Adolescence is often a turbulent time, and it is marked by substantially increased rates of depressive symptoms, especially among girls. New research indicates that this gender difference may be the result of girls' greater exposure to stressful interpersonal events, making them more likely to ruminate, and contributing to their risk of depression.

The findings were published in Clinical Psychological Science, a journal of the Association for Psychological Science.

"These findings draw our focus to the important role of stress as a potential causal factor in the development of vulnerabilities to depression, particularly among girls, and could change the way that we target risk for adolescent depression," says psychology researcher and lead author on the study, Jessica Hamilton of Temple University.
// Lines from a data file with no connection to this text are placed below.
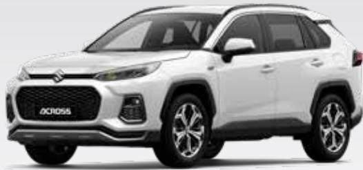
Platinum White Pearl Metallic (089)*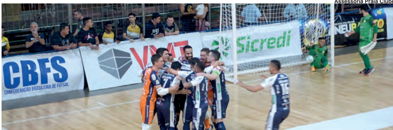
Assessoria Praia Clube

Com a primeira etapa concluída, Depatran deve realizar alterações no entorno do local e preparar as vias para o tráfego de veículos pesados. Outras mudanças também devem acontecer nos estacionamentos, além de implantar pontos de ônibus com placas fotovoltaicas em locais onde não há parada física para embarque e desembarque dos usuários. PÁG. 4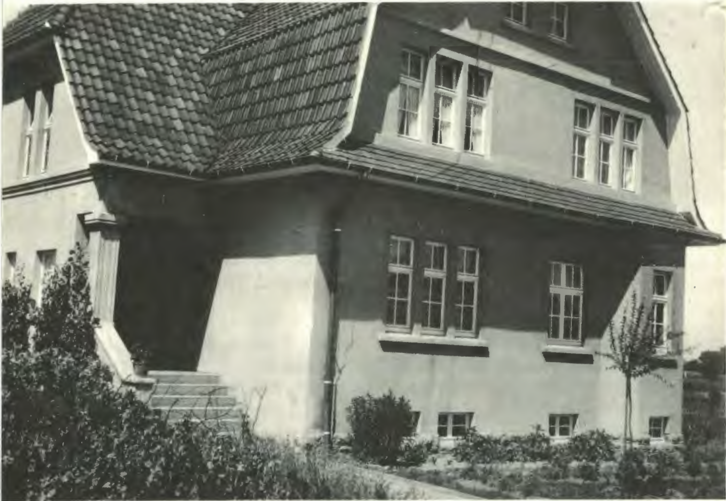
Haus Althoff, Ubbedissen, Am Bollholz 170

Research has shown that cognitive vulnerabilities associated with depression, such as negative cognitive style and rumination, emerge during adolescence. Teens who tend to interpret events in negative ways (negative cognitive style) and who tend to focus on their depressed mood following such events (rumination) are at greater risk of depression.

Hamilton, a doctoral student in the Mood and Cognition Laboratory of Lauren Alloy at Temple University, hypothesized that life stressors, especially those related to adolescents' interpersonal relationships and that adolescents themselves contribute to (such as a fight with a family member or friend), would facilitate these vulnerabilities and, ultimately, increase teens' risk of depression.

As expected, the research found that teens who reported higher levels of interpersonal dependent stress showed higher levels of negative cognitive style and rumination at later assessments, even after the researchers took initial levels of the cognitive vulnerabilities, depressive symptoms, and sex into account.

Girls tended to show more depressive symptoms at follow-up assessments than did boys—while boys' symptoms seemed to decline from the initial assessment to follow-up, girls' symptoms did not.

Girls also were exposed to a greater number of interpersonal dependent stressors during that time, and analyses suggest that it is this exposure to stressors that maintained girls' higher levels of rumination and, thus, their risk for depression over time.